I didn't have to look any further than the first house on the list. It was a small bungalow in Rifle Range Lane and the moment Ismail pulled into the circular gravel driveway, edged by bright cannas and shaded by casuarinas, I had a feeling that this would be our next home. The house was empty but the agent had provided keys so I was able to a take a long, leisurely look around. It needed painting here and there, but the rooms were spacious and cool and conveniently laid out. There was a wide central breezeway with a good-sized lounge opening off to the right and a snug dining room to the left. There was a big study for Denis, a sewing room for me, and three bedrooms.

But it was when I reached the back of the house that I knew for certain this was where I wanted to live. A broad patio shaded by a creeper-clad pergola overlooked a swimming pool, and I caught my breath at the sheer beauty of the scene. It was like something out of a Hollywood magazine, with the limpid blue water reflecting the flowers, trees and feathery bamboo of a carefully arranged tropical garden. I literally ran back to the car, calling for Ismail as I ran, concerned that a gem of a house like this wouldn't last five minutes on the market. Don't forget that I was an impressionable girl of eighteen, and this was 1937, when swimming pools were strictly the provenance of film stars and multi-millionaires.

I rang Denis at his office, and my words tumbled over each other as I tried to explain just how fantastic the house was. Denis didn't quite share my enthusiasm. In fact, I could hear him trying to disguise his ‘responsible' voice with false enthusiasm so as not to hurt my feelings. ‘It sounds terrific and if you are absolutely sure it's suitable, of course we will take it,' he said. ‘But please, darling, go back and have another look. See what sort of storage space there is available. Is there a covered garage big enough for both of the cars? And what size are the servants' quarters?'

‘We'll need to hurry if we want to take the place,' I said desperately. ‘It won't last five minutes.'

‘It'll last long enough for you to go back and have another look,' Denis said firmly.

I gulped with anxious exasperation. ‘Truly, darling, I don't need to see it again to know it's absolutely perfect. And I am worried that if we dither we'll lose it. You know the old saying – he who hesitates is lost.'

Denis sighed. ‘I'll ring the agents and tell them we'll take it. But please go back and have another look. If you change your mind, do give me ring. Don't forget we're not committed until we've paid some rent and signed the lease.'

There
were
a few things wrong with No. 4 Rifle Range Lane. For a start, there was no garaging at all, so the two cars had to stay out in the open, which did not please Ismail one bit. For another, the servants' quarters were small and old and needed serious refurbishment. And then there were signs of white ants in the pergola, signs which I tried to dismiss with a careless wave of my hand: ‘There are serpents in every paradise, aren't there?' I asked. ‘And these are such
tiny
serpents.'

‘Tiny or not, we'll only take the place if they spray for white ants,' Denis said a little grumpily, and I hugged him with relief.
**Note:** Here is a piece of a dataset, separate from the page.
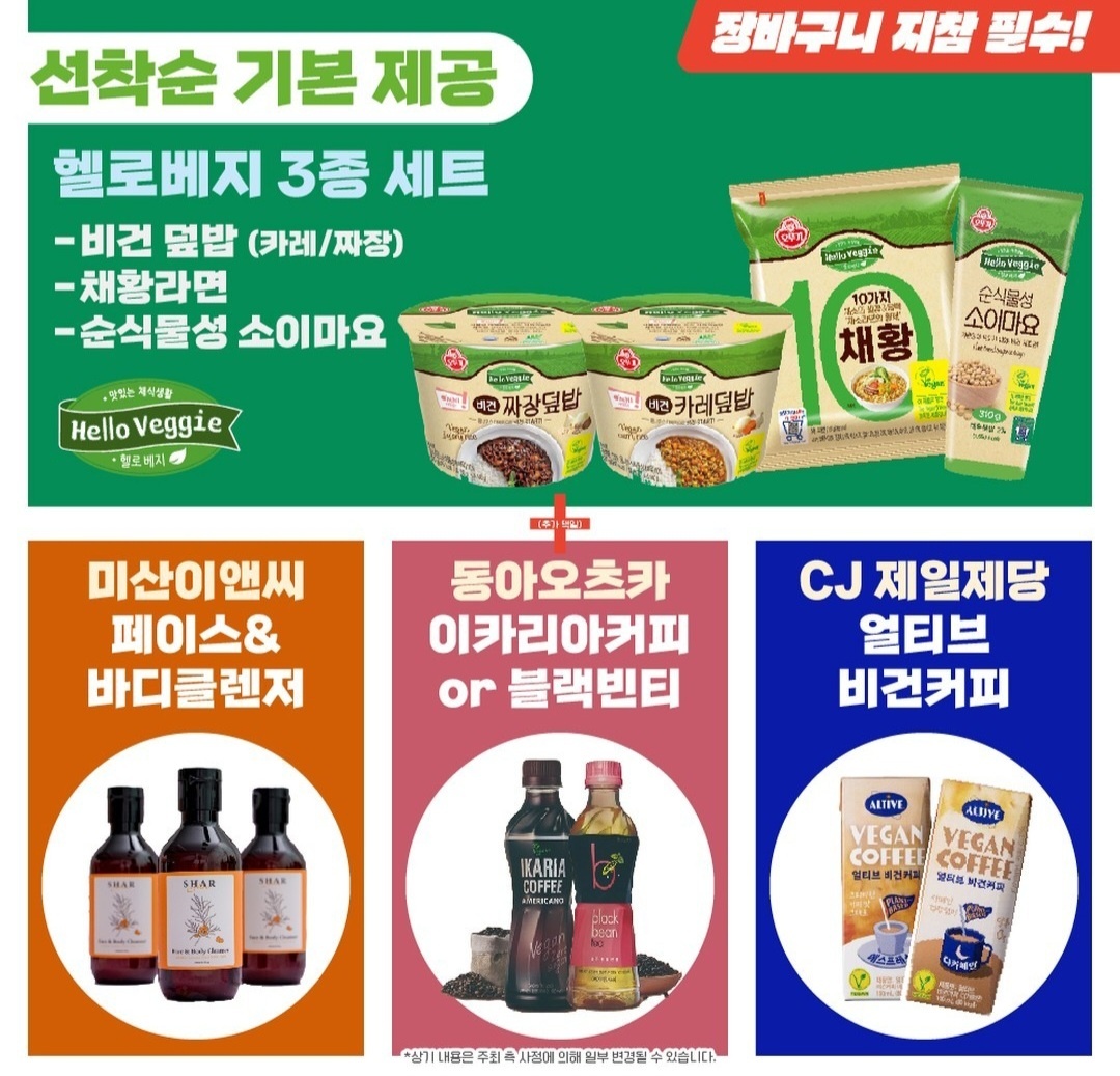 선착순 기본 제공 : 오뚜기 채황라면, 오뚜기 카레/짜장 비건 덮밥, 순식물성 소이마요

The two weeks before we moved in passed in a blur of activity and excitement. We filled the house with blondewood furniture, replaced the heavy brocade curtains with brightly-coloured chintzes, and carpeted the bedrooms wall to wall in the American style. On the evening before we moved in, Denis and I walked through our home hand in hand, happy with what we had achieved. It was the first moment I really felt married. I had chosen this house to be our home, I had pressed for the light, airy look of Scandinavian pine and brightly printed cottons, and I had chosen to have soft carpet throughout. I was no longer the indulged mistress but an equal partner in a team.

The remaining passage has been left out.